Table 1. Applicable JPL Rules Documents
TitleDocument Number

Software Development

57653 rev 10


Table 2. Applicable MGSS Documents
TitleDocument Number

MGSS Implementation and Maintenance Task Requirements

DOC-001455 rev G

Common Access Manager (CAM) Product Guide (PG)

DOC-005065

ANMS Architecture Description Document

DOC-005089

ANMS Software Design Document

DOC-005445

ANMS Software Interface Specification

DOC-005446

ANMS User Guide

DOC-005443 rev A


Table 3. Applicable Other Documents
TitleReference

Installing Puppet

puppet-agent

Installing Bolt

puppet-bolt

Using SELinux

rhel8-selinux

ANMS Source

anms-source

ANMS Guide Document Source

anms-docs


Chapter 1. ANMS Architecture

The ANMS is designed with a microservice architecture using containers for isolation and network protocols to communicate between services. Many of the service interfaces use stateless HTTP exchanges, some use MQTT for pub-sub interactions and some use PostgreSQL for long-term configuration and data warehousing. Although some of the subsystems have a preferred start-up order (to ensure initial configuration is valid and consistent) the containers can be restarted in any order with a few specific exceptions.

1.1. ANMS Components

The subsystems of the ANMS (all Docker containers) are illustrated as gray blocks within the "ANMS Instance" group in the diagram of Figure 1.1, “ANMS Components with Protocol Associations”. The entire ANMS instance is made to be run on a single host, with future plans to allow installing in a more distributed environment. Currently the ANMS provides security at the boundary of the instance but not between comtainers (see Section 1.6, “Security” for details), which would be required for a distributed installation.

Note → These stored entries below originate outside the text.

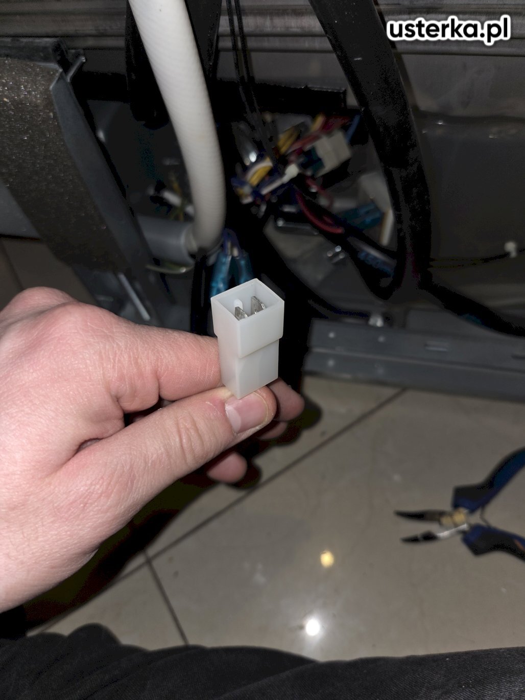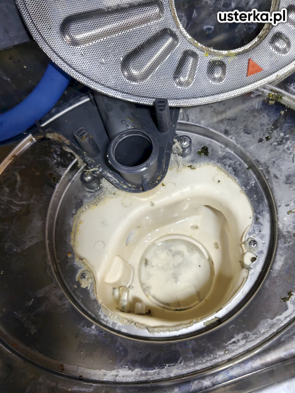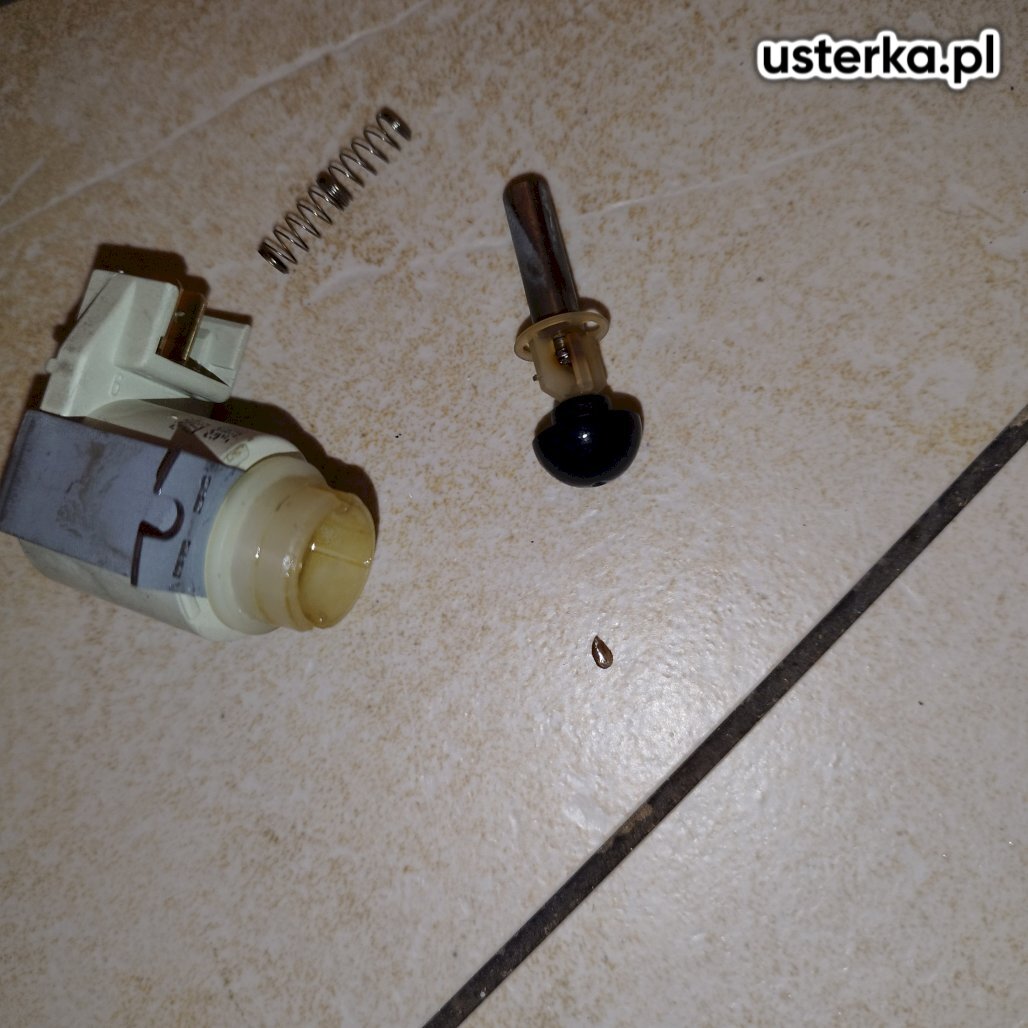 Zablokowana pompa odpływowa przez kawałek plastiku – odblokowano pompę i wymieniono obejmę.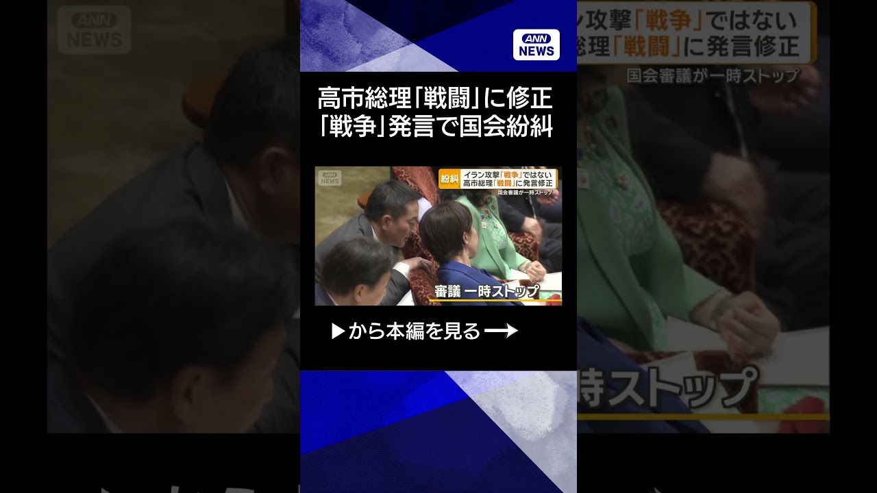 #ANNnews 【ニュース】高市総理「戦闘」に修正 イラン攻撃「戦争」発言で回答できず国会紛糾 #shorts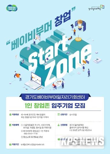 KPSNEWS 김채경 기자 | 경기도와 경기도일자리재단이 운영하는 경기도베이비부머일자리기회센터에서 ‘1인 창업존(Start Zone)’ 서비스를 7월 1일 출범하고 입주기업 모집을 시작한다고 25일 밝혔다.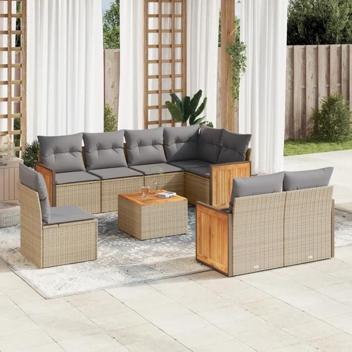 VidaXL Salon de Jardin avec Coussins 9 pcs, Canapés de Terrasse, Ensemble de Meubles de Patio, Mobilier d'Extérieur, Beige 3227851
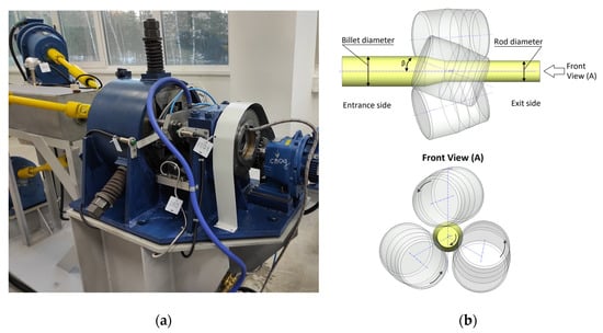 Computer simulation was performed in the QForm 3D software package. The three-dimensional model included three rolls and the initial billet and corresponded to the scheme of RSR, as shown in Figure 1b.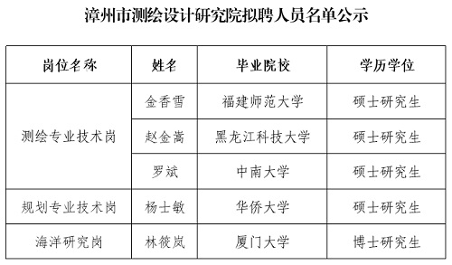 通过资格审核、面试考核、体检政审等环节,我院拟聘以下同志为我院工作人员,现予公示。公示期间,如有问题,请及时向漳州市测绘设计研究院综合科反映。公示时间为2024.09.29-2024.10.10。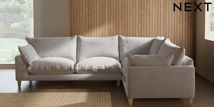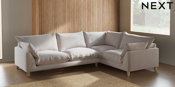 7.2.10 Noa Deep Relaxed Sit Large Corner Sofa - Right Hand Multi Weave Oyster High Leg - Light | Made Click here to use our website with more accessibility support, for example screen readers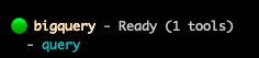 MCP서버의 리스트가 확인되며, 어떤 기능을 사용할 수 있는지도 확인할 수 있습니다. 이번에 사용한 MCP는 Bigquery 전용만 가능합니다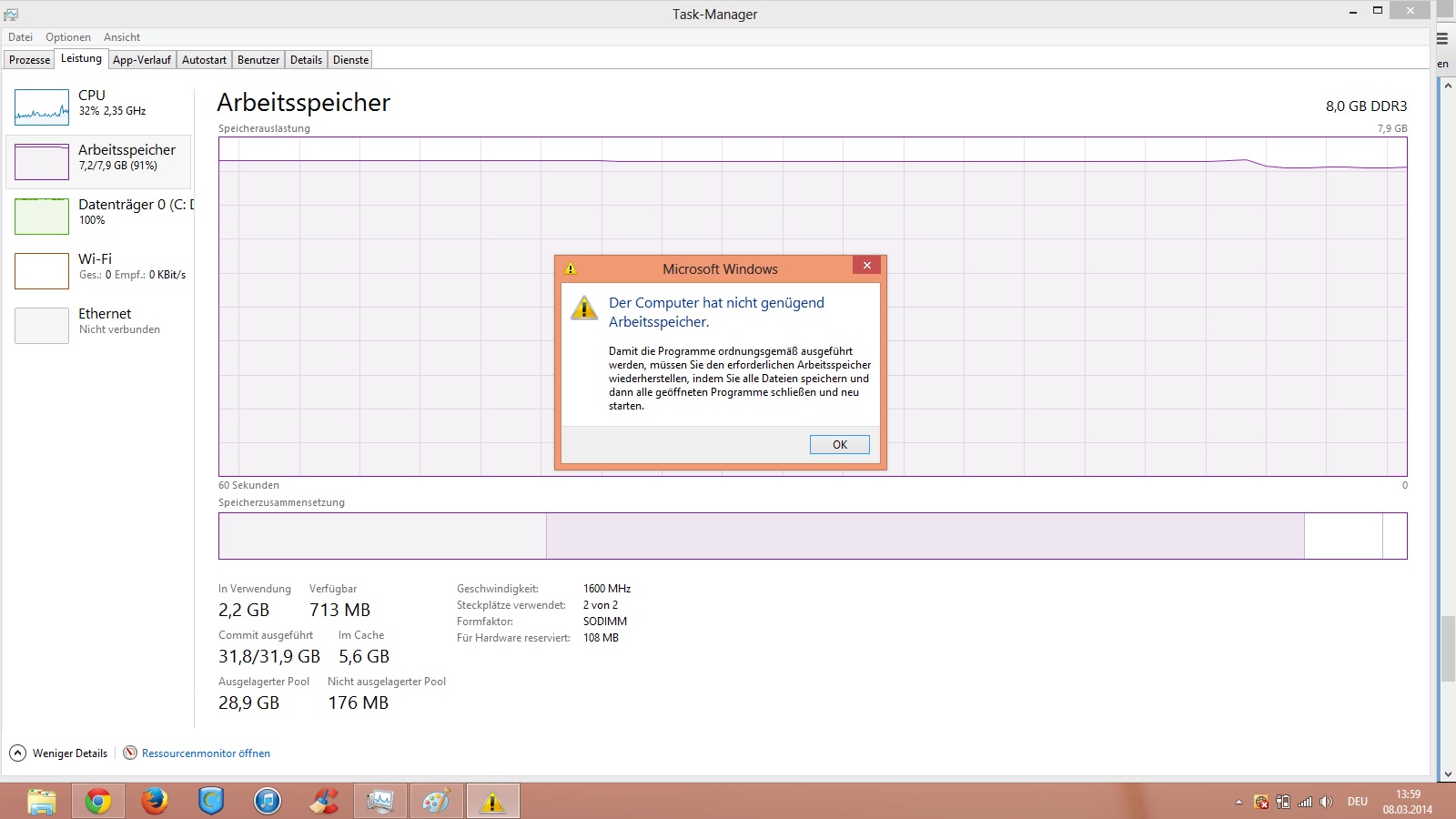 Erstaunlicherweise ist es immer Windows 8 mit den Memory Leaks , den vollgelaufenen Speichern.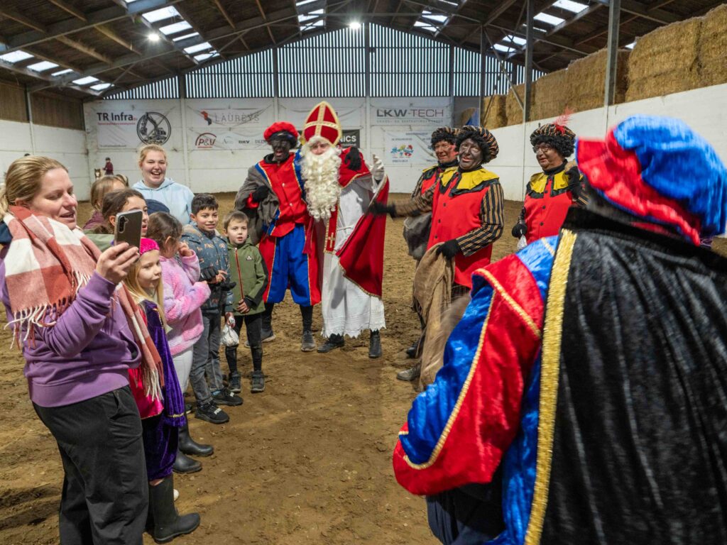 De stoet trok via het centrum van Heiende verder naar stal De Vogelzang, waar de jongste ruitertjes vol trots hun paardrijkunsten lieten zien. De Pieten reikten snoepzakjes uit aan deze kleine ridders en amazones. Ondertussen genoten de Pieten en de helpers van een welverdiende kop dampende soep. Een moment van rust, maar de reis was nog lang niet voorbij.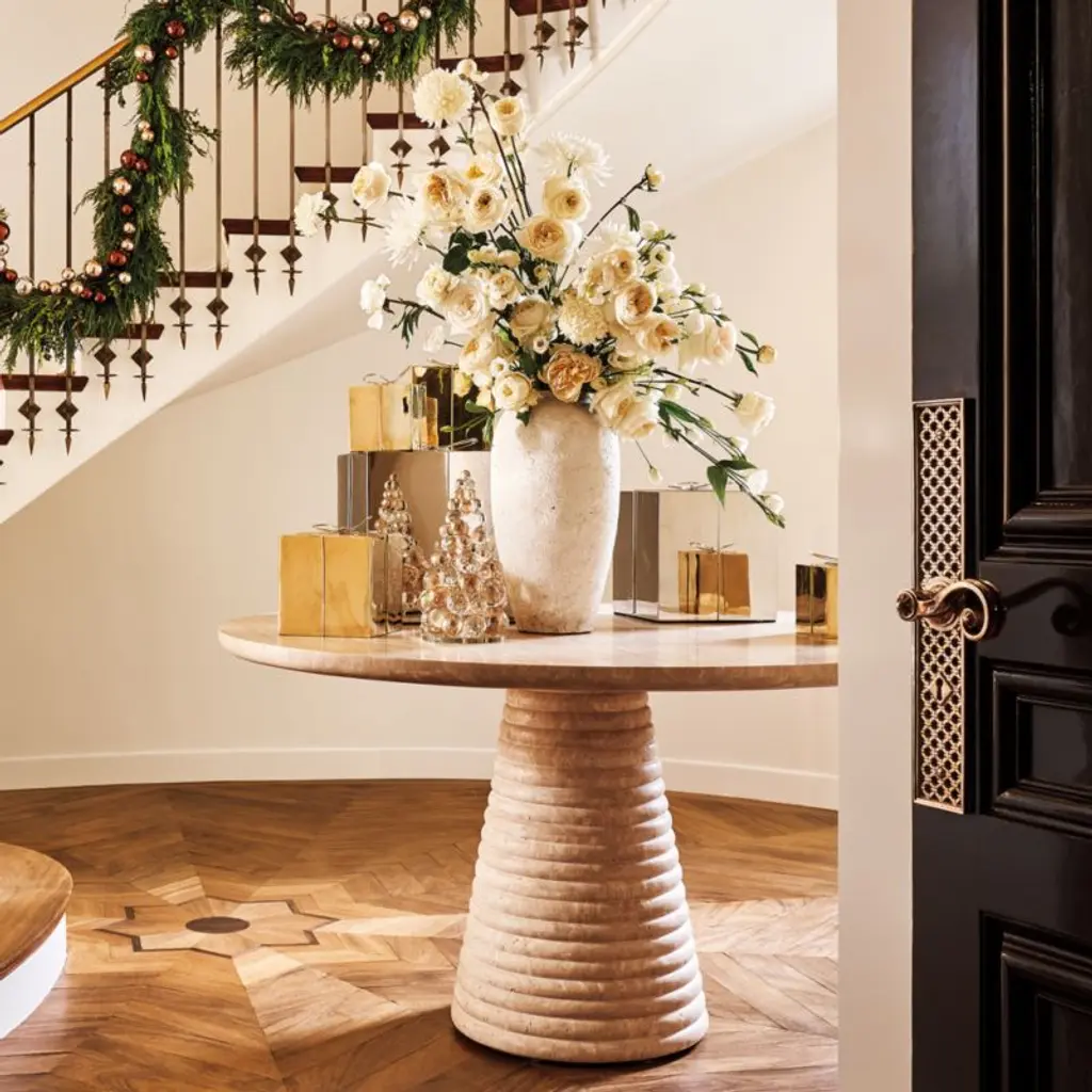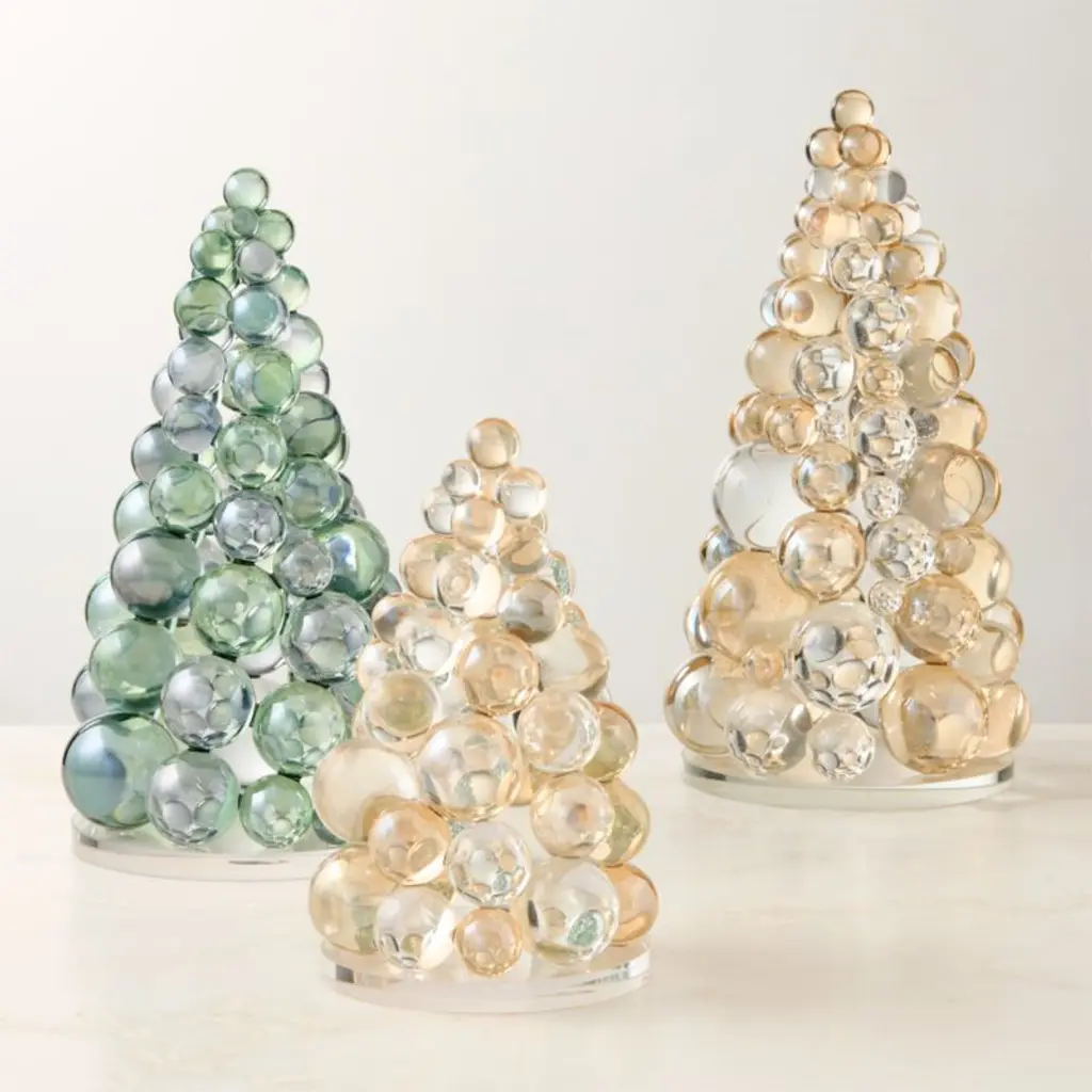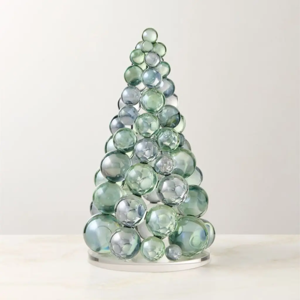 Breathtaking in its materiality, the Elle Christmas tree stacks crystal balls atop each other to create a dazzling display. Made with K9 crystal, which is often chosen for chandeliers due to its high optical clarity, the tree is tinted with amber tones for a mesmerizing decorative moment. Display with the 8.25" Elle crystal Christmas tree. CB2 exclusive.

A higher-level logical view of the ANMS is shown in Figure 1.2, “ANMS Primary Components with Logical Associations” where some of the internal infrastructure containers (e.g., PostgreSQL database, MQTT broker) are removed for clarity.

The User Agents in both diagrams are how a user can interact with the ANMS, which is solely via HTTP exchanges. Most of the ANMS API follows RESTful principals of stateless service interactions, while some of the API is more browser-oriented to provide UI visuals.

Figure 1.1. ANMS Components with Protocol Associations
Diagram

Figure 1.2. ANMS Primary Components with Logical Associations
Diagram

1.2. Deployment

The target host will be running the RedHat Enterprise Linux (RHEL) version 8 (RHEL-8) with network interfaces configured, and IP addressing and DNS configured along with a running local firewall.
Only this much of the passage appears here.